Do the people who support the optionality of sex also support the optionality of age? My birth certificate shows 1936 as my year of birth. Age cutoffs exclude me from many jobs, such as police officer, service member and firefighter. If one can change his sex on his birth certificate according to how he feels, why not his age? I think I’ll petition to change my year of birth to 1972.

Super Bowl LIII made history. For the first time, there were two male dancers working out with a cheerleading squad — in this case, with the Los Angeles Rams’ squad. Men being on the field with female squads is not new. They’ve helped the women with stunts. But Quinton Peron and Napoleon Jinnies danced with the female cheerleaders and performed all the same moves. It’s nice to see cheerleader barriers fall, but there’s another form of rampant cheerleader discrimination that needs to be addressed. I don’t think I’ve ever seen a full-figured older female cheerleader for any professional sports team. Most appear to be younger than 30 and don’t look as if they weigh more than 120 pounds.
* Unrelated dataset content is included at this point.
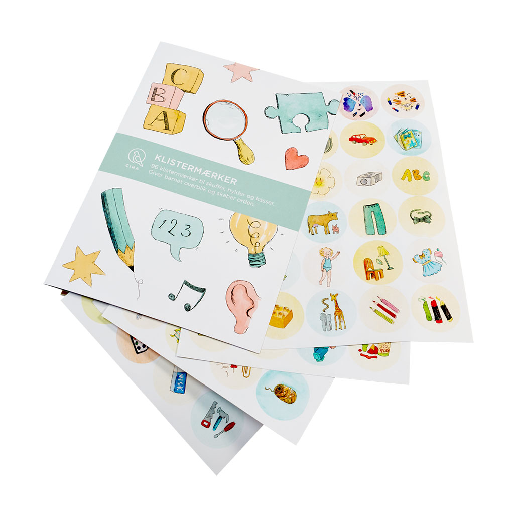 Vi giver ingen succes-garanti. Men hvis du bor sammen med et lille eller større rodehoved, så er disse 96 klistermærker en gevaldig hjælp til at blive bedre til at organisere legetøj og andre kære ejendele. Der er 96 klistermærker i sættet, og hvis de bare sætter gang i processen med at organisere og sortere, så er det første slag vundet. De fleste børn leger bare lidt bedre, når legetøjet og tøjskabet er til at sortere i, og der er intet som mærkater, der kan gøre den opgave realistisk. Faktisk er en af grundstenene bag den berømte Montessori-pædagogik netop ordentlighed og ryddelighed. Hvis du mangler inspiration til at organisere børneværelset, så kan du finde gode ideer baseret på Montessori-pædagogikken her på vores blog.Måske kan dit barn en dag selv varetage oprydningen på værelset (og sende 8 hamstere i kredsløb om jorden, holde vejret i 27 minutter og spille Der er et yndigt land på sækkepibe uden at bruge hænderne) en dag. Eller - måske skal du mere satse på, at dit barn gerne vil være med til at rydde op, og at dit barn sammen med dig vil nyde selvhjulpenheden i at kunne organisere sine sager med disse fine klistermærker.De er i hvertfald flotte, og det er da en start.

There are other forms of discrimination in sports. There’s a sensible argument that can be made for segregating sexes in football, boxing, basketball and ice hockey. Men are typically stronger and bigger than women, so integrating sports such as football, boxing, basketball and ice hockey would lead to disproportionate injury and possibly death to women.

But what about sports in which there’s no contact, such as tennis, bowling, billiards and swimming? Why should there be men’s teams and women’s teams? Why aren’t feminists protesting against this kind of sports segregation? After all, feminists have ignored the huge strength, aggressiveness and competitiveness differences between men and women in their demands that women be assigned to military combat units.

Refusing to acknowledge chromosomal differences and giving people the right to declare their sex can lead to opportunities heretofore nonexistent. For example, the men’s fastest 100-meter speed is 9.58 seconds. The women’s record is 10.49 seconds. What if a male sprinter with 10-second speed claimed womanhood, ran in the women’s event and won the gold? A lower bar to achieving fame and fortune exists in women’s basketball. It would take only a few tall men who claim they are women to dominate the game.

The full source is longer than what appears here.